Zumbi jogado na quadra- Arquivo JRS |
Ainda é bem cedo. Sigo para o trabalho esperando um descanso logo mais, nos próximos dias. No ônibus há poucos passageiros. Eu prefiro os assentos do fundão para poder escancarar todas as janelas e deixar o ar circular bem. No último ponto, antes de entrar na rodovia, um rapaz entra todo simpático a julgar pelo bom dia que desejou ao motorista. Também ele se dirigiu ao fundão. Pela aparência, julguei ser um desses vendedores de produtos, tipo brincos, canecas, bonés etc., que ralam vendendo nas praias. Anda muito essa gente!
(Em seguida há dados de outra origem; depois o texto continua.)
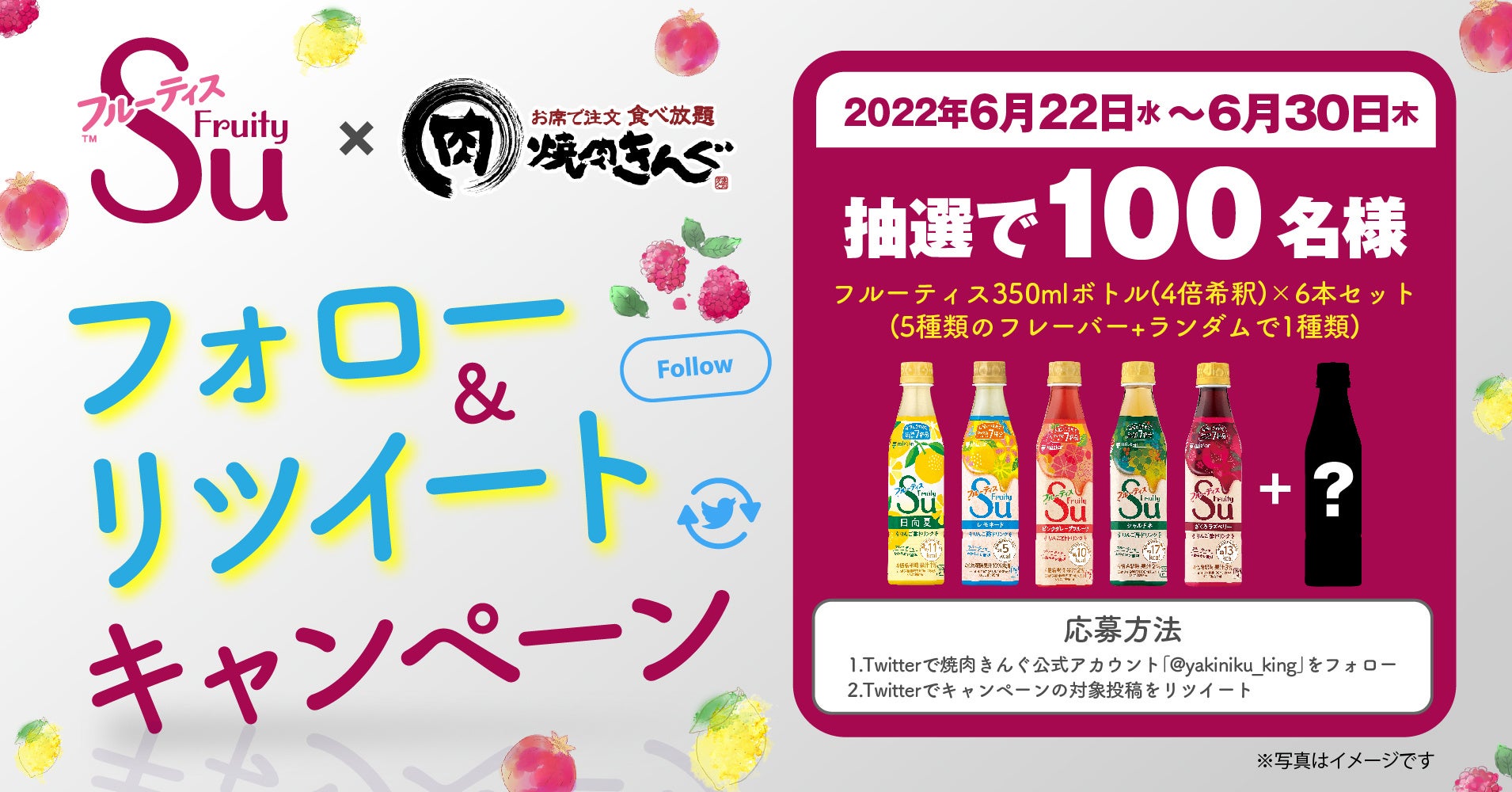 これを記念して「フルーティス™ 350ml(4倍希釈)×6本セット」が当たるプレゼントキャンペーンを開催いたします。

Ele me cumprimentou demonstrando alegria, de bem com a vida. Notei que tinha um defeito físico, como se a mão direita tivesse sido esmagada em algum acidente. A prosa, já engatilhada, veio no "maior gás", conforme a gíria. Nome: Vinícius. Natural de Seabra, na Bahia. Aí, Jorge, da terrinha! Estava em casa de recuperação. Veio parar em São Paulo porque "é lugar bom para ganhar dinheiro". Acertei no julgamento! Ele está indo à capital a fim de comprar produtos a serem revendidos pelas praias na próxima temporada de verão. Sem eu perguntar nada, o Vinicius passou a me contar das casas de recuperação, afirmando que "muitos pastores são crentes só de nome, querem ganhar dinheiro às custas de quem foi acolhido, pondo-os a vender coisas nos ônibus, ruas e praias". Como costumamos dizer lá em casa: "Eu já sabia!".
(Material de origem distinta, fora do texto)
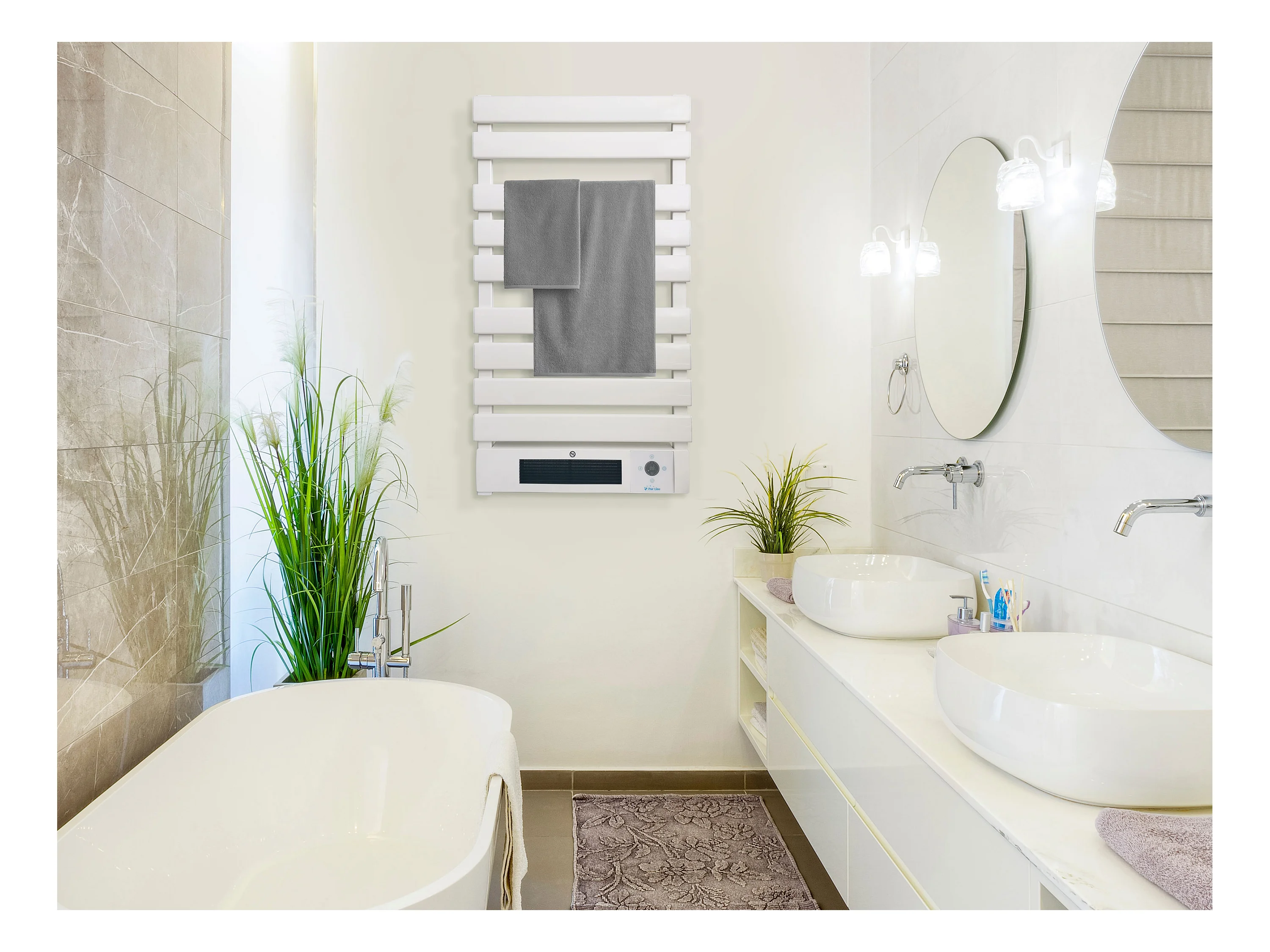 Elektrisch handdoekrek 1500W in aluminium, wit, LED-display en WiFi-bediening

Desde o princípio, notei que o Vinicius entabulava a conversa tendendo a apelar para a Bíblia. Até citações dela ele fez com certa maestria. Será decorrência de certa forma de lavagem cerebral costumeiramente aplicada em muitas casas de recuperação? Não sei dizer. Mas logo tratei de cortar esse direcionamento. "O caminho não é por aí, amigo. Devido - também! - a essa forma de alienação, foi eleito o pior candidato dentre os candidatos à presidência do nosso país". Ele concordou; percebeu que eu apelava para a linha da autonomia, do desenvolvimento da nossa capacidade reflexiva e crítica.
Vinicius, o andarilho de Seabra, pincelou, entre vários momentos, algumas passagens da sua vida. Elas não diferem daquilo que a maioria dos brasileiros vivem. Olhei bem no rosto dele, naquele tom de pele da maioria dos brasileiros que me faz dizer sempre: "Você é um testemunho de resistência, irmão! Pela sua história passou Zumbi dos Palmares e tanta gente nossa!". Perguntei-lhe ainda por quanto tempo ficou em Ubatuba e onde estava hospedado. "Passei seis dias nesta cidade. Fui acolhido numa casa de recuperação localizada no bairro do Ipiranguinha, próxima da igreja católica". Nesse momento lhe revelei que moro lá há vinte e cinco anos. Notando o seu cansaço, deixei que ele dormisse sossegado. Na despedida, só um desejo: "Segue em paz, Vinícius".
Em tempo: acabei de saber que hoje se comemora o Dia do Nordestino. Parabéns, gente boa!